PaddleOCR-VL-0.9B
1. Environment Preparation
1.1 Support Status
Recommended Hardware Configuration: - GPU Memory: 8GB or more - Shared Memory: 4GB or more
1.2 Install Fastdeploy
Installation process reference documentation FastDeploy GPU Install
2.How to Use
2.1 Basic: Launching the Service
Example 1: Deploying a 16K Context Service on a Single RTX 3060 GPU
python -m fastdeploy.entrypoints.openai.api_server \
--model PaddlePaddle/PaddleOCR-VL \
--port 8185 \
--metrics-port 8186 \
--engine-worker-queue-port 8187 \
--max-model-len 16384 \
--max-num-batched-tokens 16384 \
--gpu-memory-utilization 0.8 \
--max-num-seqs 256
Example 2: Deploying a 16K Context Service on a Single RTX 4090 GPU
python -m fastdeploy.entrypoints.openai.api_server \
--model PaddlePaddle/PaddleOCR-VL \
--port 8185 \
--metrics-port 8186 \
--engine-worker-queue-port 8187 \
--max-model-len 16384 \
--max-num-batched-tokens 16384 \
--gpu-memory-utilization 0.7 \
--max-num-seqs 256
Example 3: Deploying a 16K Context Service on a Single A100 GPU
python -m fastdeploy.entrypoints.openai.api_server \
--model PaddlePaddle/PaddleOCR-VL \
--port 8185 \
--metrics-port 8186 \
--engine-worker-queue-port 8187 \
--max-model-len 16384 \
--max-num-batched-tokens 16384 \
--gpu-memory-utilization 0.7 \
--max-num-seqs 256
An example is a set of configurations that can run stably while also delivering relatively good performance.

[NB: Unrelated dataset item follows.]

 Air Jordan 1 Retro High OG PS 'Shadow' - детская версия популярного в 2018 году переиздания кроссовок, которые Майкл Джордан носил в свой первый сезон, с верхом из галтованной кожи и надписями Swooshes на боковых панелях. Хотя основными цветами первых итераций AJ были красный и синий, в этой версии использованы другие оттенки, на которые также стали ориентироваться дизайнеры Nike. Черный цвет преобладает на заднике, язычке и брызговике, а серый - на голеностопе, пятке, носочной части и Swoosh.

If you have further requirements for precision or performance, please continue reading the content below.
2.2 Advanced: How to Achieve Better Performance
2.2.1 Evaluating Application Scenarios and Setting Parameters Correctly
Context Length - Parameters:
--max-model-len- Description: Controls the maximum context length that the model can process. - Recommendation: Longer context lengths may reduce throughput. Adjust based on actual needs, with a maximum supported context length of 16k (16,384) forPaddleOCR-VL-0.9B.

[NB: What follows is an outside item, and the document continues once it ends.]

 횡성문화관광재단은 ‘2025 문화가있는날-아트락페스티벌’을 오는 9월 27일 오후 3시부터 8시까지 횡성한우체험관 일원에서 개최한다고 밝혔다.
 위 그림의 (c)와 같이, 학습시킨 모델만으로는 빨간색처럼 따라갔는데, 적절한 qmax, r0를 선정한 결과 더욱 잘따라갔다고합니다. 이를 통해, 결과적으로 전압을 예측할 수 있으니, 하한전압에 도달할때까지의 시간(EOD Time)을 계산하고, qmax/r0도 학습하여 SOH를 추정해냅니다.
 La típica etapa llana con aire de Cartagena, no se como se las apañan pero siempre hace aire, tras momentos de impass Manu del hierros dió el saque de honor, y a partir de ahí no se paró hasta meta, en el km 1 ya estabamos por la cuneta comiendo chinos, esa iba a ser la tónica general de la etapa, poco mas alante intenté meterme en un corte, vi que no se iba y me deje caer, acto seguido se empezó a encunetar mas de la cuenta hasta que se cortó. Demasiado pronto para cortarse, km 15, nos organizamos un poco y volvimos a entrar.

⚠️ Note: Longer context lengths will significantly increase GPU memory requirements. Ensure your hardware resources are sufficient before setting a longer context.

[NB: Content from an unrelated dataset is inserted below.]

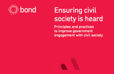 In a report published yesterday, Ensuring Civil Society is Heard, Bond said that there has been a "rapid decline in engagement" from government leaving the sector excluded from decision-making processes and exposing government policies and programmes to avoidable errors.
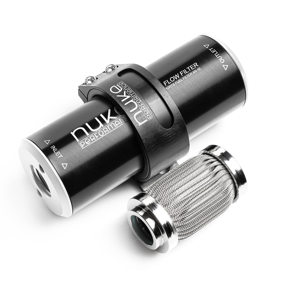Nuke Performance also offers the same fuel filter inserts in a series of fuel filters with integrated brackets, same functionality in a nice and functional design with integrated stainless steel brackets. And for those who need a fuel filter with higher flow capacity, greater filtration area, Nuke Performance offers the Nuke Performance PF200 10-micron high-performance fuel filter.

Maximum sequence count - Parameters:
--max-num-seqs- Description: Controls the maximum number of sequences the service can handle, supporting a range of 1 to 256. - Recommendation: If you are unsure of the average number of sequences per request in your actual application scenario, and with sufficient GPU memory, we recommend setting it to 256. If the average number of sequences per request in your application is significantly fewer than 256, or with insufficient GPU memory, we suggest setting it to a slightly higher value than the average to further reduce GPU memory usage and optimize service performance.Available GPU memory ratio during initialization - Parameters:
--gpu-memory-utilization- Description: Controls the available GPU memory for FastDeploy service initialization. The default value is 0.9, meaning 10% of the memory is reserved for backup. - Recommendation: It is recommended to use 0.7. If an "out of memory" error occurs during stress testing, you may attempt to reduce this value.
2.2.2 Chunked Prefill
- Parameters:
--max-num-batched-tokens - Description: Limits the maximum number of tokens per chunk in
chunked prefill. - Recommendation: We recommend setting it to 16384, which means disables chunked prefill.
2.2.3 Adjustable environment variables
Flash Attention 3:
FLAGS_flash_attn_version=3- Description: Enable the Flash Attention 3 algorithm. This feature is only supported on the latest generation of NVIDIA GPUs, such as H-series cards (Hopper architecture, e.g., H800) and B-series cards (Blackwell architecture, e.g., B200). - Recommendation:On hardware that supports this feature, Flash Attention 3 can significantly enhance performance without typically affecting model accuracy. It is highly recommended to enable this feature.Rejection sampling:
FD_SAMPLING_CLASS=rejection- Description: Rejection sampling involves generating samples from a proposal distribution that is easy to sample from, thereby avoiding explicit sorting and achieving an effect of improving sampling speed, which can enhance inference performance. - Recommendation: This is a relatively aggressive optimization strategy that affects the results, and we are still conducting comprehensive validation of its impact. If you have high performance requirements and can accept potential compromises in results, you may consider enabling this strategy.
3. FAQ
3.1 Out of Memory
If the service prompts "Out of Memory" during startup, please try the following solutions: 1. Ensure no other processes are occupying GPU memory; 2. Reduce context length and maximum sequence count as needed.
If the service starts normally but later reports insufficient memory, try:
1. Adjust the initial GPU memory utilization ratio by modifying --gpu-memory-utilization.